As heretofore indicated, at least the body 50 of each jacket block 46, 47 is provided with inner and outer walls 60, 61 (FIGS. 3 and 5) having therebetween the respective fluid passageway or chamber 63. As shown in FIGS. 2, 4, 5 and 6, each block 46, 47 is provided with a substantially semicircular or crescent-shaped hollow member or radiator 85 which is preferably formed of relatively thin steel sheet material and defines therein the respective fluid passageway or chamber 63 to which the conduit means forming inlet and outlet ports 64, 65 are connected, as by welding. It is to be understood, however, that the hollow members or radiators 85 may be omitted from the passageways or chambers 63 so that the inner and outer walls 60, 61 per se define the corresponding passageway 63 therebetween. Of course, in the absence of the hollow members or radiators 85, it is apparent that the inner ends of the conduits defining the inlet and outlet ports 64, 65 then would be threaded into or otherwise secured to blocks 46, 47 for communication with the passageways 63.
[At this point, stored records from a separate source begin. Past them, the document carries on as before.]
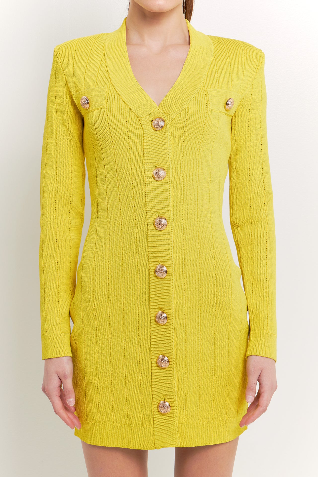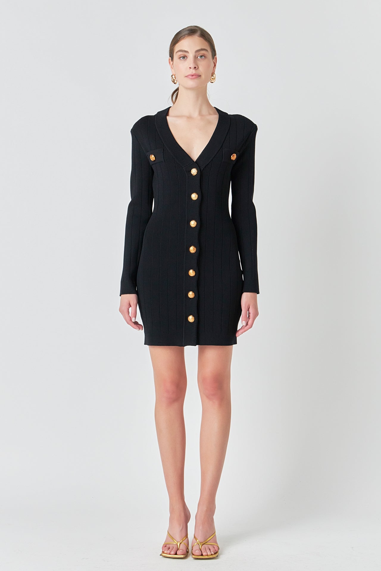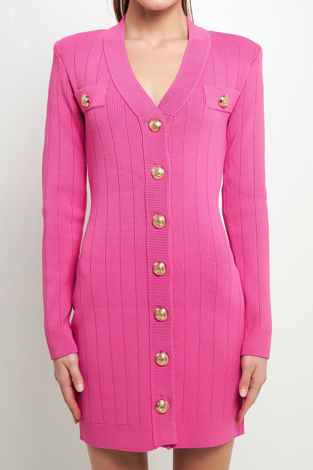 Shank Button V-Neckline Knit Mini Dress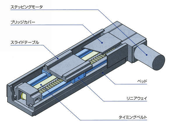 精密位置決めテーブルLBは、スライドテーブルの送り機構に耐久性に優れた高張力スチールコード入りのタイミングベルトを採用し、駆動用モータに高トルク5相ステッピングモータを使用した、高速移動が可能なロングストロークタイプの位置決めテーブルです。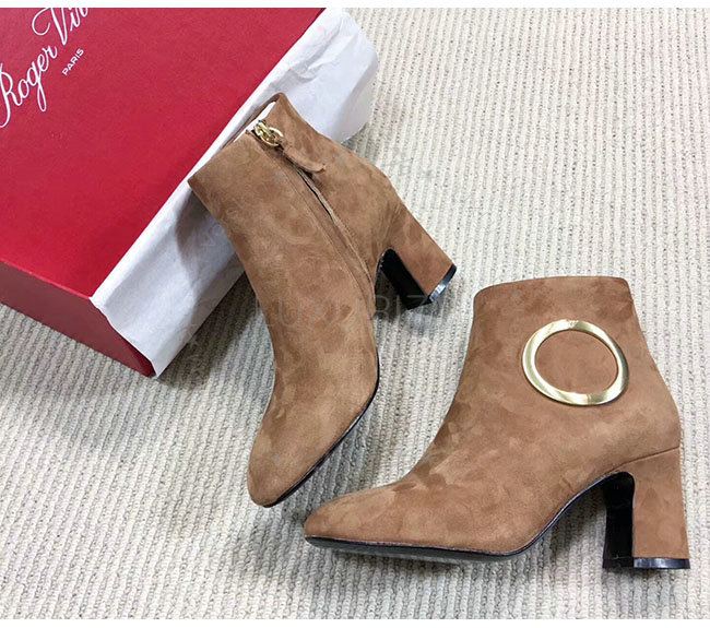 ROGER VIVIER-43717281O20 로저비비에 브라운 스웨이드 청키 트럼펫 라운드 버클 앵클 부츠 여성용

As heretofore indicated, it is preferred that the jacket blocks 46, 47 are of cast metal. Accordingly, when the hollow members or radiators 85 are employed, as best shown in FIGS. 4, 5 and 6, it is preferred that the cast metal is in the form of an aluminum alloy since it has a very high heat conductivity characteristic. Because of the brittle or frangible nature of the usual type of cast aluminum alloy, it is preferred that radiators 85 are used when the blocks 46, 47 are molded of aluminum alloy. On the other hand, if blocks 46, 47 are molded of cast steel, which is substantially stronger than cast aluminum, the hollow members 85 may be omitted, if desired.
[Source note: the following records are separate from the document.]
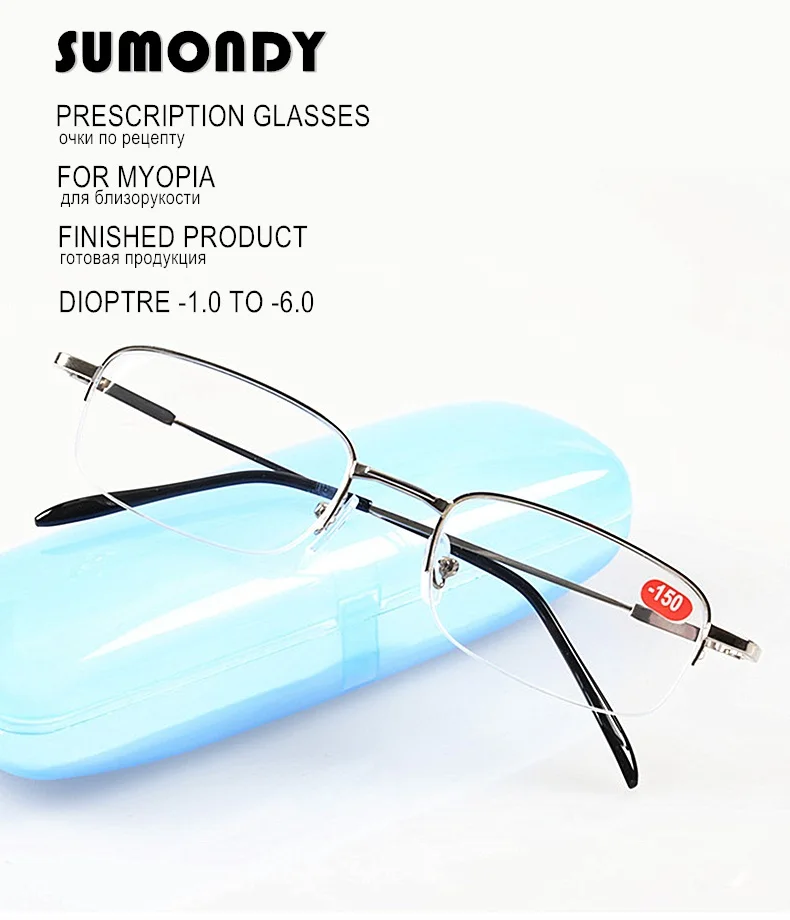 Мужские очки для близорукости SPH -1-1,5-2-2,5-3-3,5-4-4,5-5-5,5-6, полуоправы из сплава, очки для близорукости Diopter UF24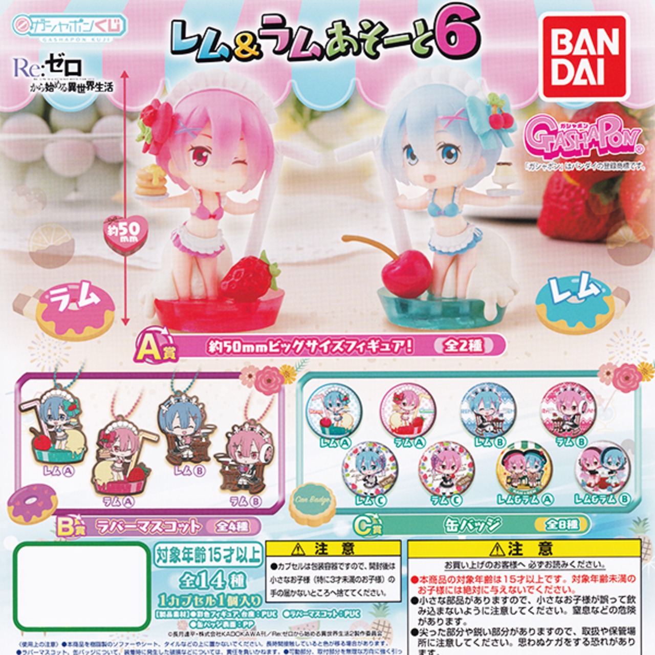 ガシャポンくじ Re:ゼロから始める異世界生活 レム&ラムあそーと6 リゼロ キャラクター グッズ フィギュア ガチャ ガシャポン バンダイ(全14種フルコンプセット+DP台紙おまけ付き)
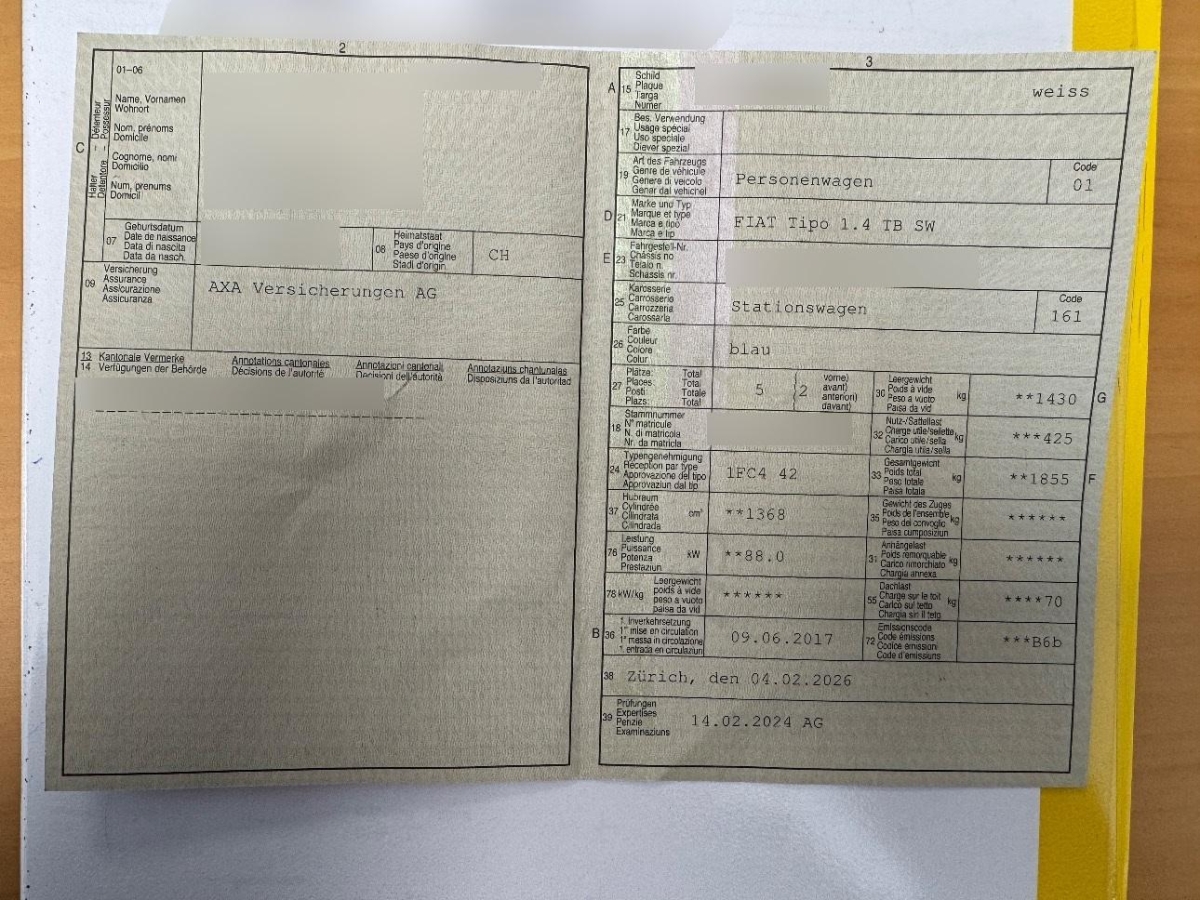 | Fahrzeugausweis | Vorhanden |

Although passageways 63 are only shown provided in the substantially semicircular bodies 50 of the jacket blocks 46, 47, it is to be understood that such passageways may extend into the substantially arcuate walls 52 of the respective jacket blocks 46, 47, if desired, without departing from the invention. To further enhance the heat-transferring relationship between pump body 21 and jacket blocks 46, 47, it is preferred that a suitable heat-conductive filler 87, such as heat-conductive cement or heat-conductive grease (FIG. 5), is provided between pump body 21 and jacket blocks 46, 47 so as to fill voids which might otherwise be present between the proximal surfaces of jacket blocks 46, 47 and pump body 21. Various formulations of heat-conductive cement and grease for the purpose of enhancing heat transfer are well known in the trade and in the art. Thus, a further description thereof is deemed unnecessary.
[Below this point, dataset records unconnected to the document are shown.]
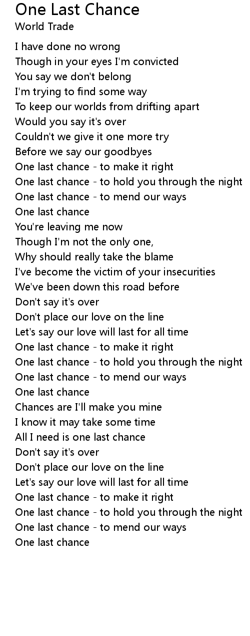 All I need is one last chance |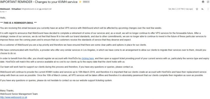 Apparently, I didn’t realize an email two weeks ago that my previous VPS hosting, WebSound decided to kick all its customer as they are shutting down the VPS business. I finally noticed that they sent me an e-mail 2 days ago about this issue. They said that they are going to shut down all VPS on March 10! They only give 2 weeks notice period of their cancellation and they...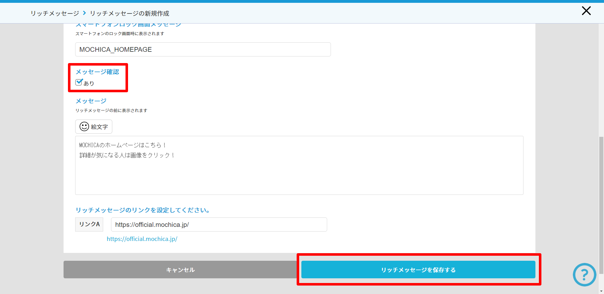 ① リッチメッセージの作成時、メッセージ確認にチェックを入れ有効にする。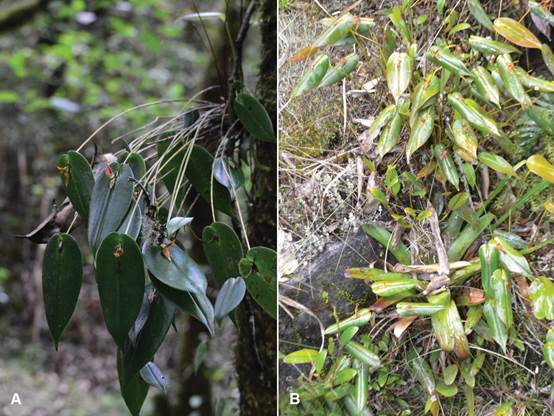 Orchid species description.- Pleurothallis coriacardia Rchb.f. is an abundant species in Mazán Reserve, showing abundant wild populations in primary and secondary forests. Its growth habits are both epiphytic and lithophytic (Fig. 2). The most important morphological characteristics of this species, as recorded in the field include: i) sympodial growth, with unifoliar stalks covered in the base by purple bracts; ii)

Referring now to the second embodiment of the invention shown in FIGS. 7-12, it will be observed that the structure there shown is quite similar to that shown in FIGS. 1-6, but the jacket blocks are modified to particularly adapt the same to a fluid-circulating pump of the in-line, pedestal mounted type having its motive means or driving motor 25a mounted on the top of the pump body for driving the rotary impeller means 24a therein. Also, somewhat different means are provided for detachably securing the jacket blocks of FIGS. 8-12 to the pump body of FIG. 7 as compared to the strapping 70 shown in FIGS. 1, 4 and 5. However, those parts shown in FIGS. 7-12 which are generally similar to parts shown in FIGS. 1-6 will bear the same reference characters, where applicable, with the letter "a" added to avoid repetitive description, and only those parts of the structure shown in FIGS. 7-12 which have particularly significant differences from similar parts shown in FIGS. 1-6 will be described in detail.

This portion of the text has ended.